Le capital-investissement français va mieux ! C’est ce qui ressort des chiffres annoncés par l’Afic le mardi 24 mars à l’occasion d’un point presse. Augmentation des fonds levés, des investissements et des cessions… le bilan du capital investissement français en 2014 est globalement meilleur que les années précédentes, mais des inquiétudes subsistent.
Les sociétés de gestion ont collecté au total 10,1 milliards d’euros l’an passé, retrouvant un niveau proche des levées de fonds d’avant-crise. Mais ces liquidités ont essentiellement profité aux véhicules d’une certaine taille, 63 % des montants collectés ayant été orientés vers des fonds cherchant à lever plus de 200 millions d’euros, alors qu’ils ne représentaient que 53 % des collectes durant la période 2006-2008. «Le signal le plus négatif est que les fonds de taille plus petite se situent encore loin des niveaux d’avant crise», note Michel Chabanel, président de l’Afic, qui avoue son inquiétude concernant le financement des fonds midcap pour irriguer les PME françaises.

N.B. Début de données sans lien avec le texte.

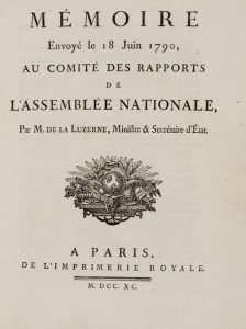 LA LUZERNE (Comte de). Mémoire envoyé le 18 juin 1790, au Comité des rapports de l’Assemblée nationale. Paris, De l’Imprimerie royale, 1790. 3 parties en un volume in-4, veau marbré, dos lisse orné, pièce de titre rouge, petites...

Le capital-innovation à la peine
Ces montants levés ont principalement été apportés par des fonds de fonds (27 %), des assureurs (16 %) et des family offices (16 %), rappelant le désengagement durable des banques dans ce secteur depuis les réformes de Bâle 3. Si les fonds de capital-transmission et de capital-développement ont retrouvé un niveau de collecte satisfaisant, ce n’est pas le cas des véhicules de capital-innovation. En effet, ce secteur poursuit sa baisse en termes de collecte, atteignant seulement 828 millions d’euros en 2014 contre 1,375 milliard en 2013. Il faut néanmoins rappeler que les chiffres de 2013 avaient été gonflés par le lancement des fonds d'amorçage de Bpifrance. «Le capital-innovation connaît une régression significative. Cette situation reste un sujet de vigilance pour l’Afic», souligne Michel Chabanel.
En termes d’investissements, 1 648 entreprises ont été accompagnées par des fonds en 2014, soit un niveau supérieur à la moyenne des huit précédentes années (1 560). «Ce chiffre illustre la profondeur du marché français et le rôle essentiel de notre métier dans le pays», se réjouit Bertrand Rambaud, président de Siparex et du comité des études économiques et statistiques de l’Afic. Au total 8,7 milliards d’euros ont été investis l’an dernier, soit une hausse de 35 % sur un an, et plus de la moitié de cette somme a été investie dans de nouvelles entreprises. Ce niveau reste toutefois inférieur aux montants investis annuellement avant la crise. «Nous constatons un redémarrage des projets des entrepreneurs en France. C’est un bon indicateur de la santé de nos entreprises», s’enthousiasme Michel Chabanel. Le capital-innovation n’a pas profité de cette tendance, mais parvient tout de même à maintenir une relative stabilité avec 628 millions d’investissements contre 642 un an plus tôt.
Record historique de cessions
Enfin, les cessions ont connu la même tendance favorable, avec environ 9,3 milliards de désinvestissements en 2014 (+65 %), un record historique porté par des opérations supérieures à 100 millions d’euros (58 %). Les acquéreurs industriels ont fait preuve d’appétit pour les sociétés détenues par les fonds en réalisant 2 milliards d’euros d’acquisitions contre 1 milliard en 2013. «Ce niveau de cession est très positif pour la classe d’actifs et est indispensable pour le cercle vertueux de notre métier», indique Bertrand Rambaud.
Satisfaite de l’activité en 2014, l’Afic n’en reste pas moins mobilisée pour soutenir cette tendance. Elle discute notamment avec le gouvernement pour favoriser le financement des start-up et inciter les investisseurs étrangers à placer leurs liquidités en France. La création, au sein du projet de loi Macron, d’un nouveau véhicule baptisé Société de Libre Partenariat (SLP), qui s’aligne sur l’environnement contractuel habituel des LPs étrangers, n’est donc qu’une première étape.